▶ **Your instructions**
Retype exactly what runs from the first line of the data to the line with "Vaikka Palmer ei", keeping both of those lines and skipping pictures.

▶ **Information supplied**
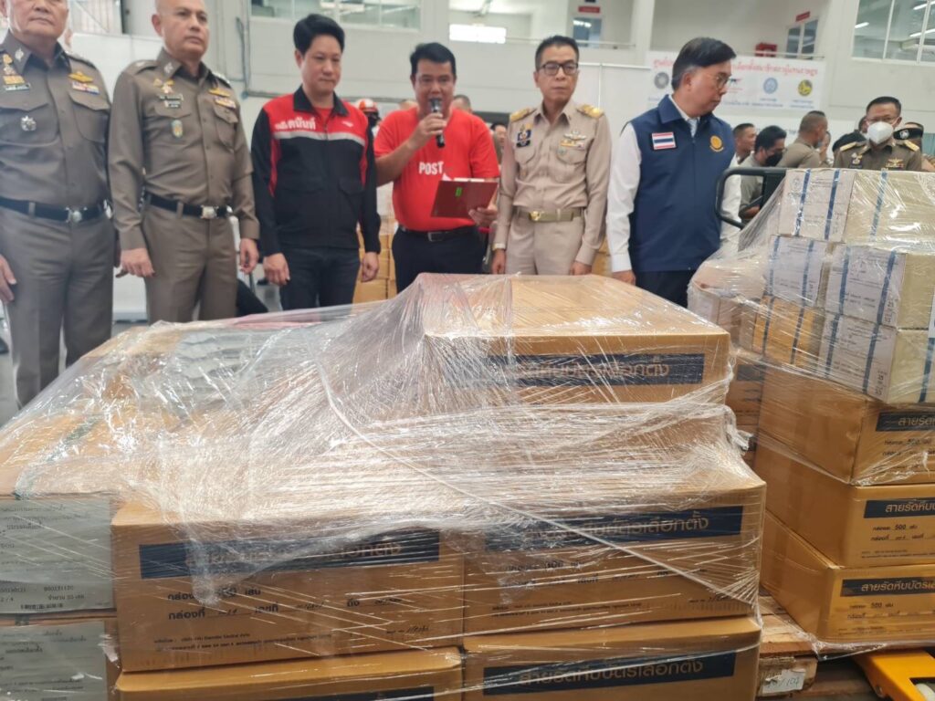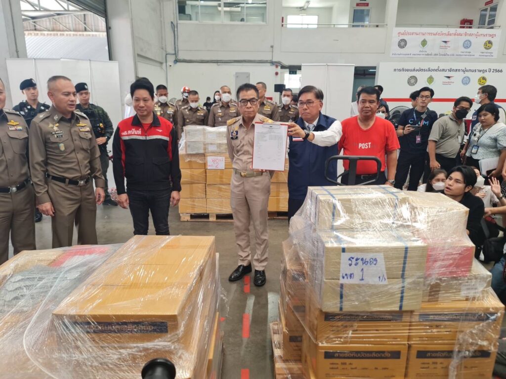 ไปรษณีย์ไทย 1 พ.ค.- สำนักงานคณะกรรมการการเลือกตั้ง สำนักงานตำรวจแห่งชาติ ร่วมกับบริษัทไปรษณีย์ไทย จำกัด แถลงข่าวพิธีปล่อยขบวนรถขนส่งบัตรเลือกตั้งไปยังเขตเลือกตั้งทั่วประเทศ ประสานเสียงยืนยัน พร้อมจัดเลือกตั้ง ยกเว้นซูดาน ที่มีปัญหาความไม่สงบ
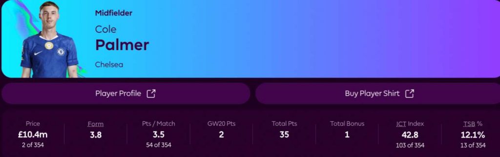 Vaikka Palmer ei ole esiintynyt viime kausien tasolla, englantilainen omaa silti potentiaalin kerätä runsaasti pisteitä omistajille.
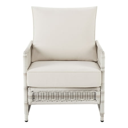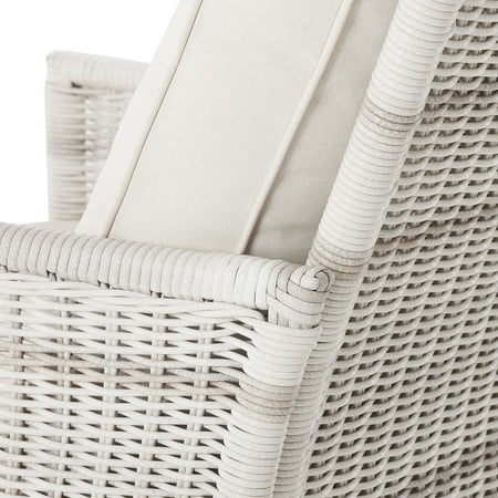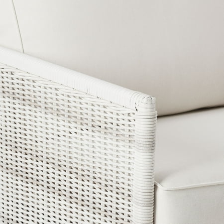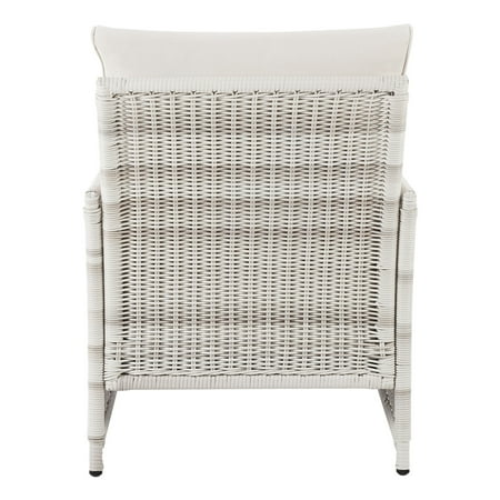 Kick back and relax in comfort and style with the Better Homes & Gardens Paige Outdoor Wicker Stationary Lounge Chairs, Set of 2, White. Featuring a high-back design with a white wicker and plush cushions, the neutral-toned outdoor lounge chairs complement any outdoor furniture and décor. The low maintenance, soft cushions are crafted with solution-dyed, 3M Scotchgard™-treated polyester fabric and weather-resistant fiberfill. A handwoven, weather-resistant, resin wicker perfectly wraps the sturdy, e-coated and powder-coated steel frame, enhancing the all-season durability. Instructions for easy assembly are included. The Paige Outdoor Wicker Stationary Lounge Chairs are part of the Better Homes & Gardens Paige outdoor furniture collection (other items sold separately) and makes a lovely addition to any porch, patio, or deck with its relaxing comfort, reliable strength, and timeless style. Assembly required.
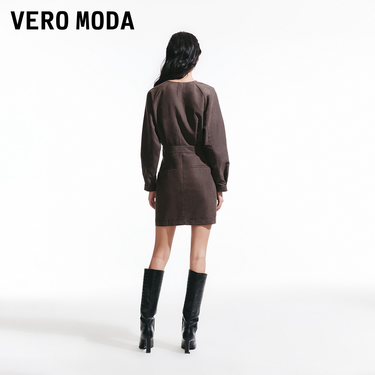 Vero Moda奥莱连衣裙秋冬新款H版收腰时尚美拉德圆领长袖短裙子

▶ **Result**
 ไปรษณีย์ไทย 1 พ.ค.- สำนักงานคณะกรรมการการเลือกตั้ง สำนักงานตำรวจแห่งชาติ ร่วมกับบริษัทไปรษณีย์ไทย จำกัด แถลงข่าวพิธีปล่อยขบวนรถขนส่งบัตรเลือกตั้งไปยังเขตเลือกตั้งทั่วประเทศ ประสานเสียงยืนยัน พร้อมจัดเลือกตั้ง ยกเว้นซูดาน ที่มีปัญหาความไม่สงบ
 Vaikka Palmer ei ole esiintynyt viime kausien tasolla, englantilainen omaa silti potentiaalin kerätä runsaasti pisteitä omistajille.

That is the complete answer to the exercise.